Cash-strapped Boeing sells $10 billion worth of software

Sell strategic assets to raise fresh cash and thus "focus resources on fundamentals." This is Boeing's new strategy, which has just confirmed the sale by the end of the year of part of the Digital Aviation Solutions division, linked to digital activities, to the investment fund Thoma Bravo. In this branch of the giant, companies (Jeppesen, ForeFlight, AerData and OzRunways), software, but also 3,900 employees.

To reassure, Boeing reported that it would keep the "crucial" digital activities, in other words those that will handle data essential to aircraft, whether for commercial or military activity.

Cash-strapped Boeing sells $10 billion worth of software

Boeing does not want 2025 to look like 2024

With this sale, Boeing will recover $10.55 billion, which will go directly into the coffers of the aircraft manufacturer, which is struggling financially, with a debt of $53.9 billion. After the major strike in 2024, which significantly slowed down and cost the American company, it is now time to face the consequences of the trade war initiated by Donald Trump with China, which is now seeking to refuse all of its new aircraft.

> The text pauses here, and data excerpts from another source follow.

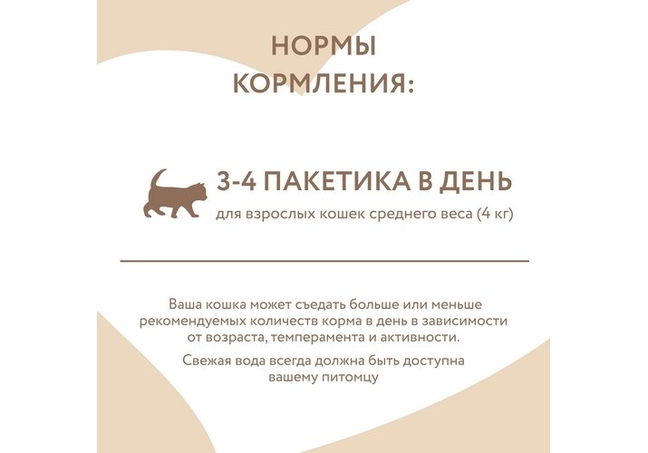 Взрослым кошкам среднего веса (4 кг) с нормальной активностью давать 3-4 упаковки в день.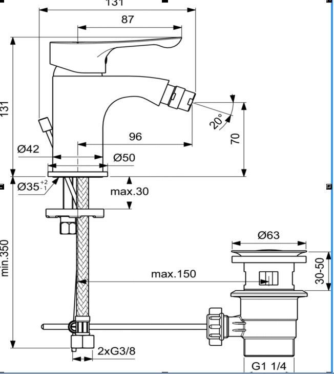 Ideal Standard DOT 2.0 Смеситель для биде, система монтажа EASY-FIX (облегченный монтаж), аэратор Perlator на шаровом шарнире (поворотный), картридж 35 мм с функцией HWTC (ограничение максимальной температуры горячей воды), с функцией CLICK, металлическая рукоятка с индикаторами горячей / холодной воды, гибкая подводка G3/8", пластиковый донный клапан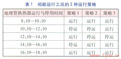 采用恒定地埋管換熱器進(jìn)水溫度的方法,實(shí)驗(yàn)?zāi)M夏季工況下地埋管換熱器在連續(xù)運(yùn)行工況、間歇運(yùn)行工況下的換熱能力。對(duì)于連續(xù)運(yùn)行工況,地埋管換熱器在周一至周五的8:10—l8:10連續(xù)運(yùn)行,其他時(shí)間停用。對(duì)于間歇運(yùn)行工況,地埋管換熱器在周一至周五的8:10—18:10間歇運(yùn)行,其他時(shí)間停用,并設(shè)計(jì)了3種運(yùn)行策略(見表l)。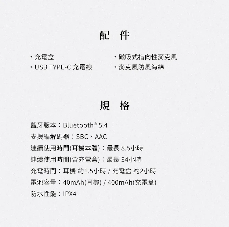 電池容量:40mAh(耳機) / 400mAh(充電盒)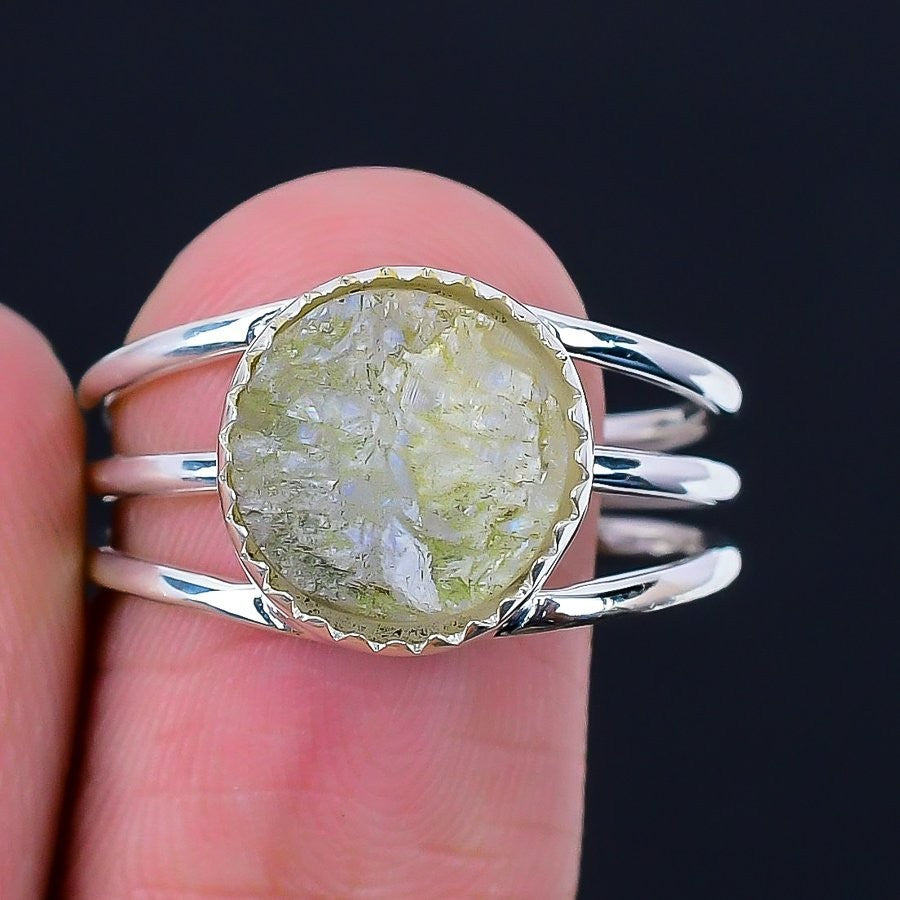 Rainbow Moonstone Gemstone 925Ā SolidĀ Silver Trendy Statement Ring Jewelry US 8.5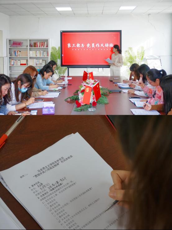 马克思主义学院院长刘慧在总结讲话中强调:“八项规定是全面从严治党的‘金色名片’,党员教师需以更高标准要求自身,将纪律意识融入教学科研全过程,为培养德才兼备的社会主义建设者筑牢思想防线。”下一步,学院将持续完善廉政教育机制,强化监督问责,以作风建设新成效护航高质量发展。
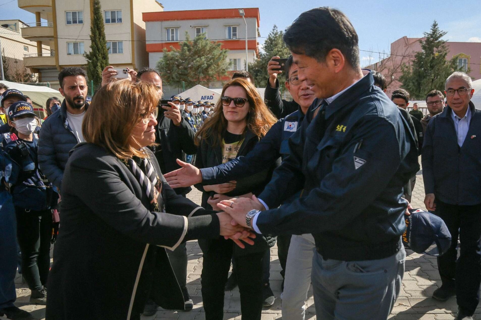 GAZİANTEP (İGFA) - Japonya Dışişleri Bakan Yardımcısı Yamada Kenji'nin Büyükşehir Belediye Başkanı Fatma Şahin ile birlikte ziyarette, Oğuzeli Mesleki ve Teknik Anadolu Lisesi bahçesinde kurulan sahra hastanesindeki ameliyathane, doğumhane, ortopedi, kadın doğum, laboratuvar ve yoğun bakım ünitesinin yer aldığı bölümleri gezerek yetkililerden bilgi aldı.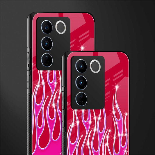 Y2k Magenta Glittery Flames Phone Case for Vivo V27 Pro 5G | Glass Case
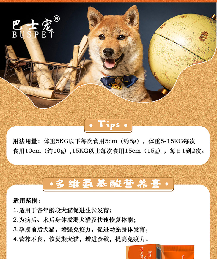 【效期到26年12月】Buspet巴士宠多维氨基酸营养膏120g 麦蒂宠物医疗渠道专供,网上禁卖。
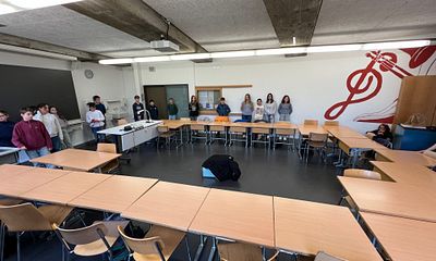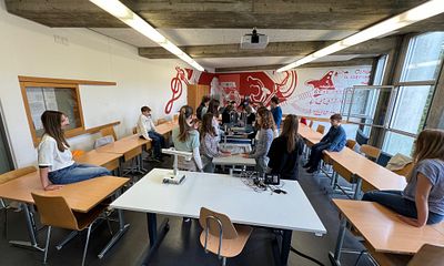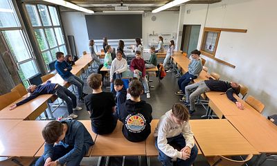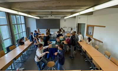 Dann aber begann der aus mathematischer Sicht spannende zweite Teil. Es musste wieder Ordnung gemacht werden! Zuerst war die ganze Klasse am Werk und anschliessend durften nur Einzelne für Ordnung sorgen. In einem langen Prozess mit regelmässigem Perspektivenwechsel haben die Schüler:innen ihr Zimmer in einen Zustand "maximaler Ordnung" gebracht. Da untereinander nicht kommuniziert werden durfte, kam es zu lustigen, aber auch spannungsreichen Situationen. Die 1c arbeitete dabei sehr ausdauernd und wunderbar exakt. Ganz von selbst entstand nach einiger Zeit ein äusserst spiegelsymmetrisches Bild. Scheinbar sind wir Menschen so an Symmetrie gewöhnt – sie begegnet uns permanent –, dass wir diese Form als am ordentlichsten empfinden.

In addition to the sale of its software, Boeing could make other disposals in the coming months, while a review of its portfolio "with the aim of selling non-strategic assets" was decided last October. According to the American bank TD Cowen, Boeing could count on the sale of 20 billion in non-strategic assets in total.

In the meantime, with the strike of its employees and the delay caused both in the production and the development of its future aircraft (such as the 777X), Boeing has made a capital increase of $24 billion in the last quarter of 2024 – a record for an American company – in addition to a new line of credit of up to $10 billion.

On Wall Street, the aircraft manufacturer's shares gained 2%, but the company will still have to publish its first-quarter results and set a course for 2025. At this time, the aircraft manufacturer has not given any estimates for the current year, a sign that after having recorded With the second largest annual decline in its history in 2024 ($11.8 billion), Airbus' rival is not yet sure it can turn things around.